### Records supplied
● ● ● ● ● ● ●

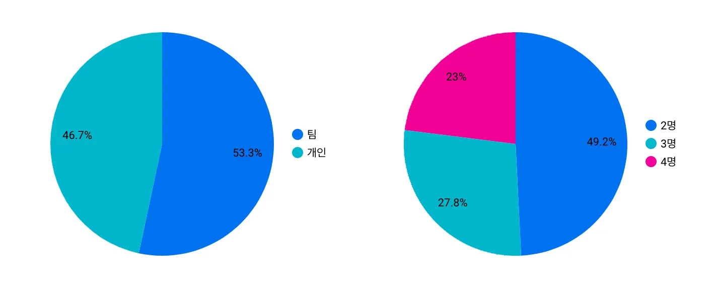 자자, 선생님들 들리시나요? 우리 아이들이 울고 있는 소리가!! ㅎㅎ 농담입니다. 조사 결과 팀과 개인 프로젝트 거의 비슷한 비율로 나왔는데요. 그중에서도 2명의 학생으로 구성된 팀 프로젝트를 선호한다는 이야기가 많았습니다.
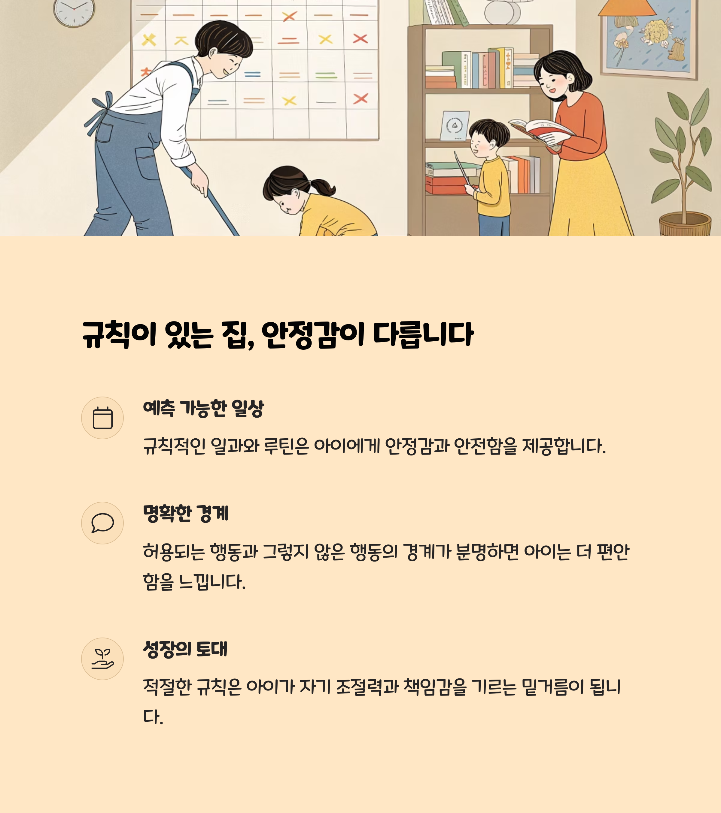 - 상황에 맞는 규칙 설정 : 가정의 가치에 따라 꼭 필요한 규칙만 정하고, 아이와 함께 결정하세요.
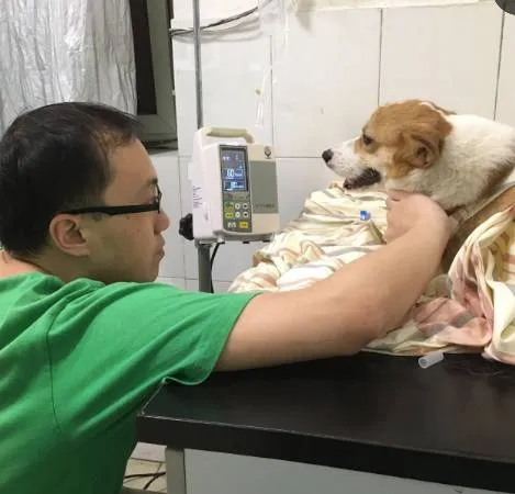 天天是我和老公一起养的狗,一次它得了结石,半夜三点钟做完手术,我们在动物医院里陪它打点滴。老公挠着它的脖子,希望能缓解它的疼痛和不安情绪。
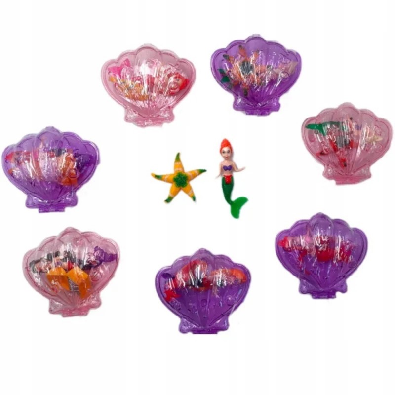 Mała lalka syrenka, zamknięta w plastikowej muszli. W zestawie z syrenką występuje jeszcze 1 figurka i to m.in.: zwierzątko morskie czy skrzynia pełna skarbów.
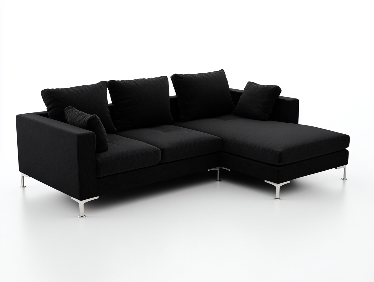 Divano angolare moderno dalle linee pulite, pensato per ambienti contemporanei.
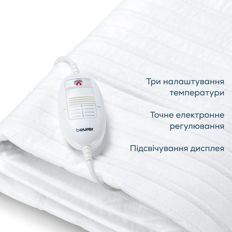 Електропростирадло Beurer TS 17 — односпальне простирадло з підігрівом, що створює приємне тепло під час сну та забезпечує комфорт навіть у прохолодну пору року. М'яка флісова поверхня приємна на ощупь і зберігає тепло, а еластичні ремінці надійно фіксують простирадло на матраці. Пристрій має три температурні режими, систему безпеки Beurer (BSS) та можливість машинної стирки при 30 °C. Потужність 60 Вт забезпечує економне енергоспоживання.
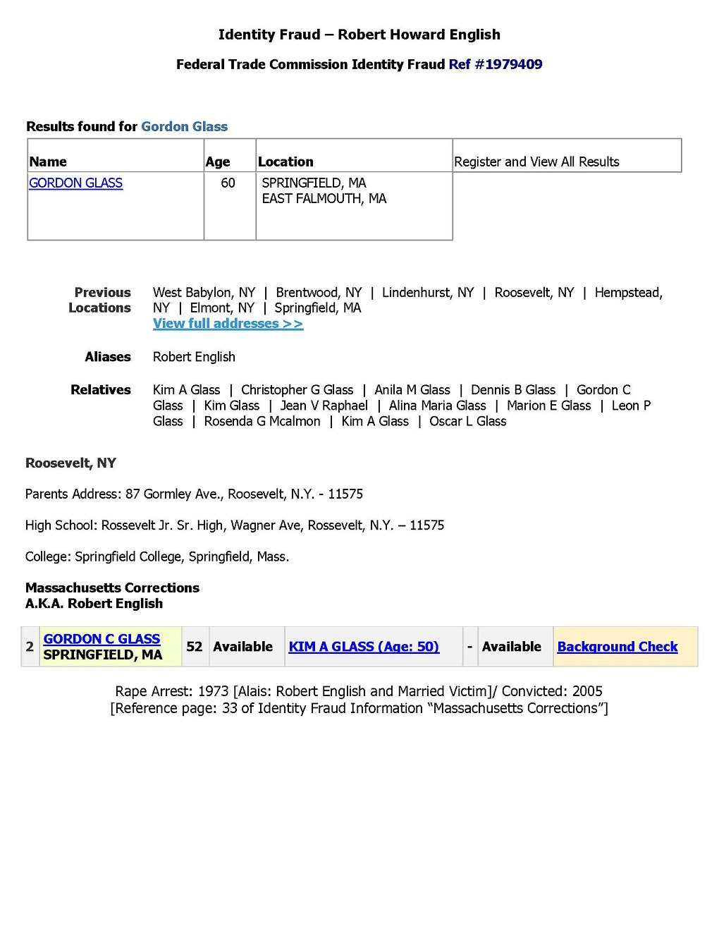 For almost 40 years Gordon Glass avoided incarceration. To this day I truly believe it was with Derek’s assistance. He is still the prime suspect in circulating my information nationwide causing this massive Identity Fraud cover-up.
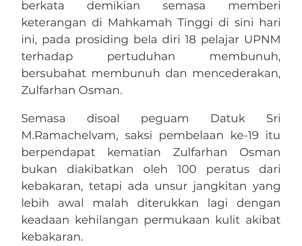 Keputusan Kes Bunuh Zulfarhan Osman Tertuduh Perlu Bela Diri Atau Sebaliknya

● ● ● ● ● ● ●

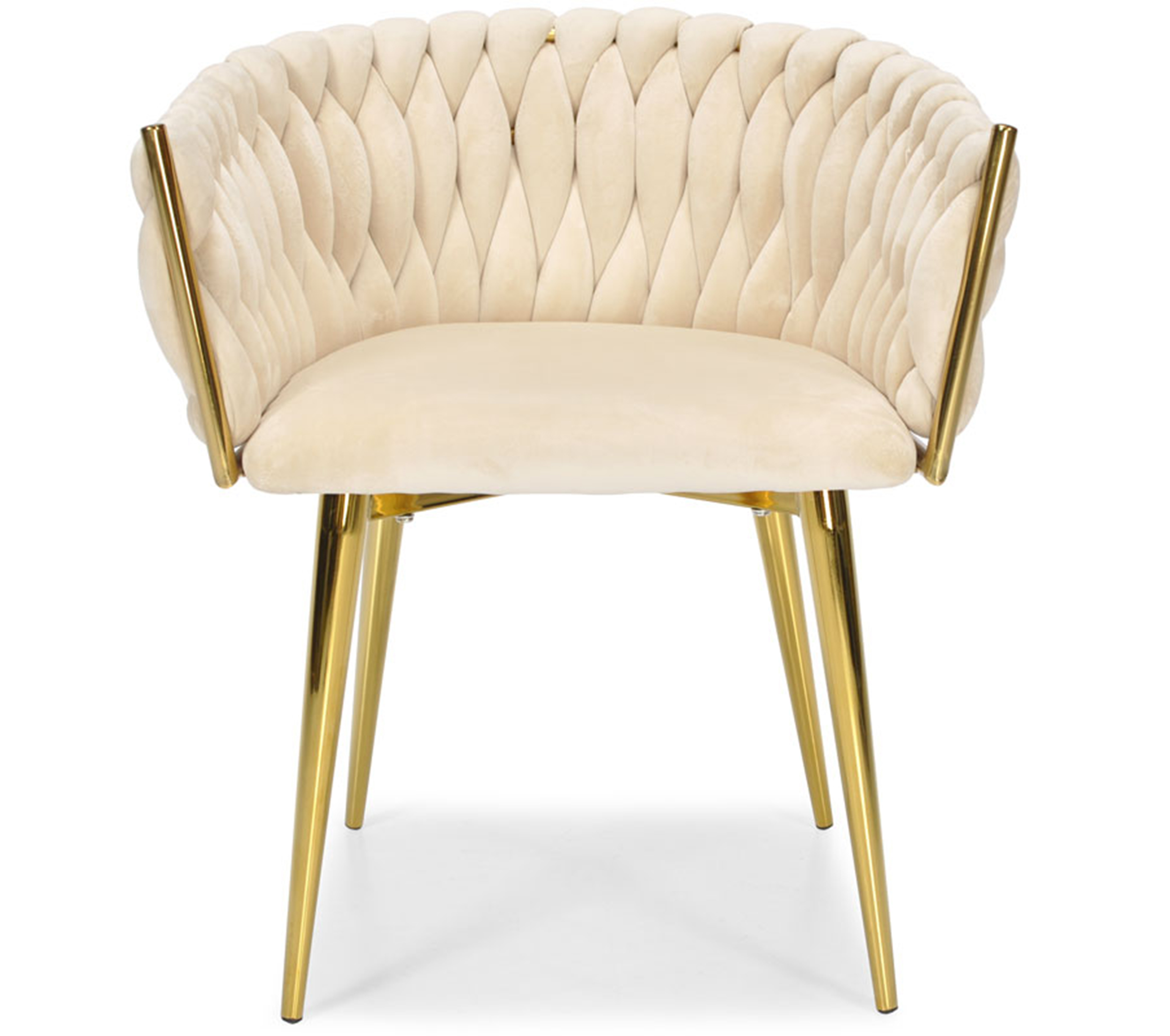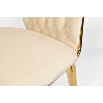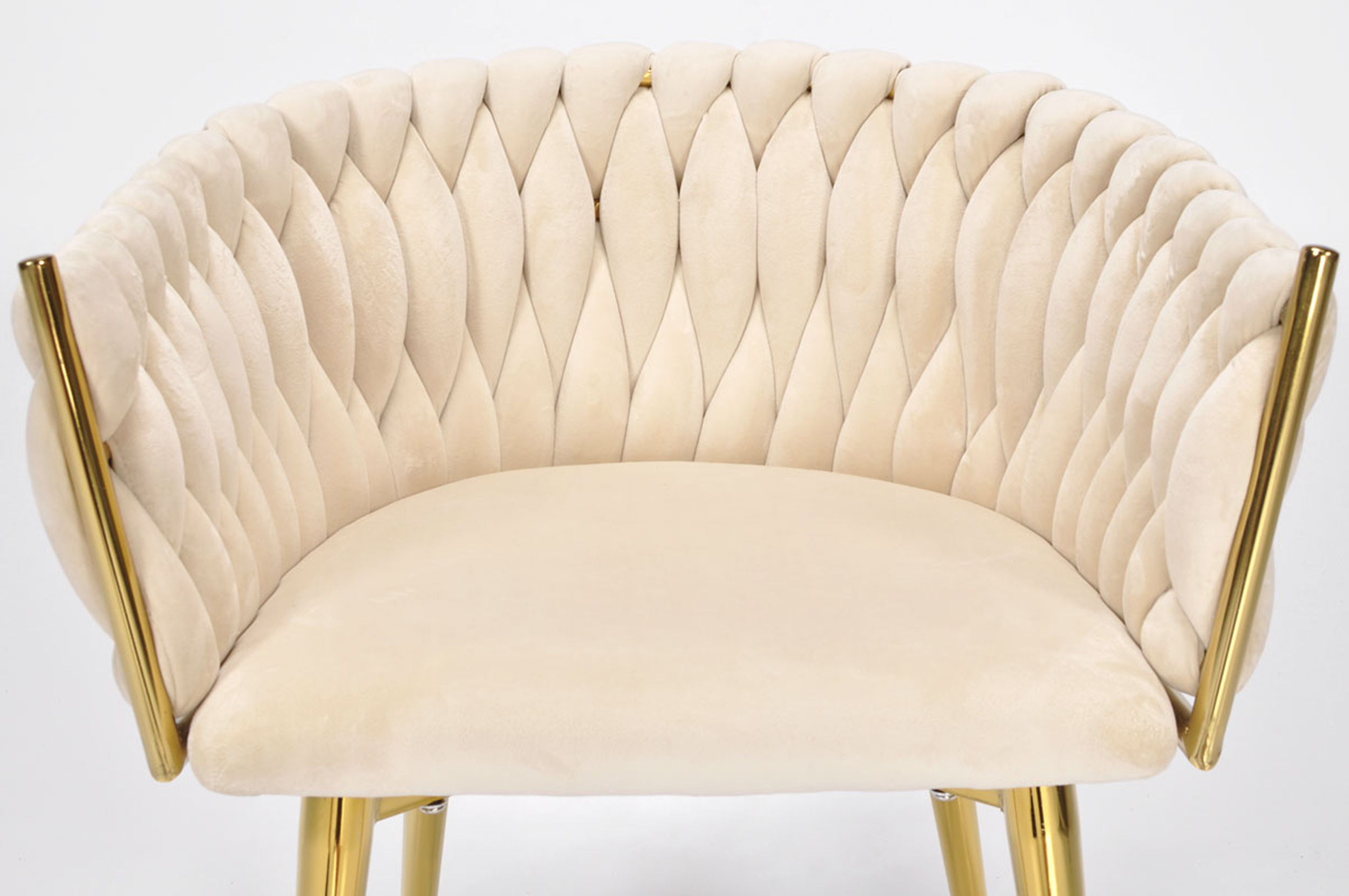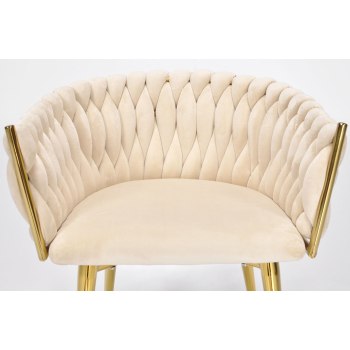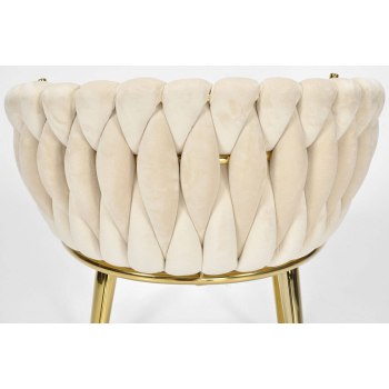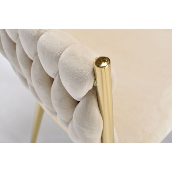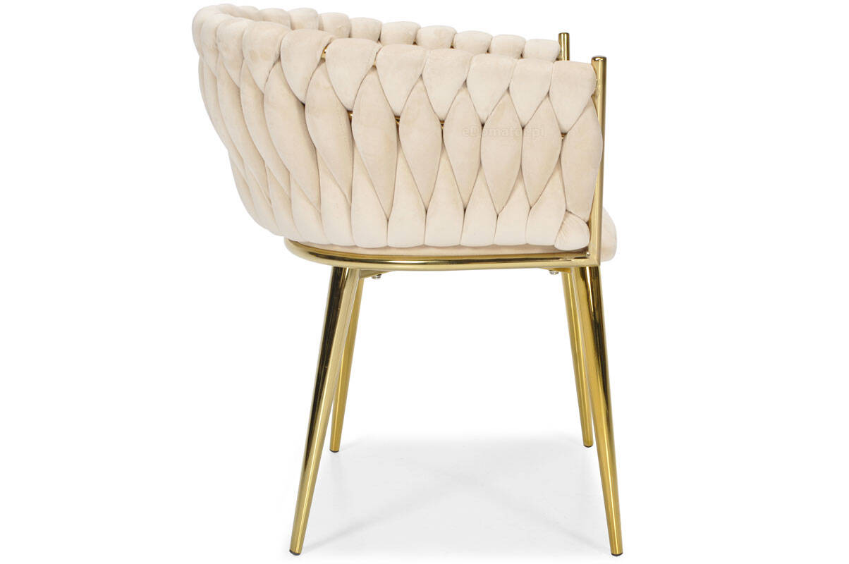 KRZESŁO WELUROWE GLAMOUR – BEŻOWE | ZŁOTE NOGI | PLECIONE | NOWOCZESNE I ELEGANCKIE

● ● ● ● ● ● ●

### What this task involves
Go to the line above that has "For almost 40" and copy exactly from there down to the line that has "Keputusan Kes Bunuh", both included. Leave the pictures out.

### Task solution
 For almost 40 years Gordon Glass avoided incarceration. To this day I truly believe it was with Derek’s assistance. He is still the prime suspect in circulating my information nationwide causing this massive Identity Fraud cover-up.
 Keputusan Kes Bunuh Zulfarhan Osman Tertuduh Perlu Bela Diri Atau Sebaliknya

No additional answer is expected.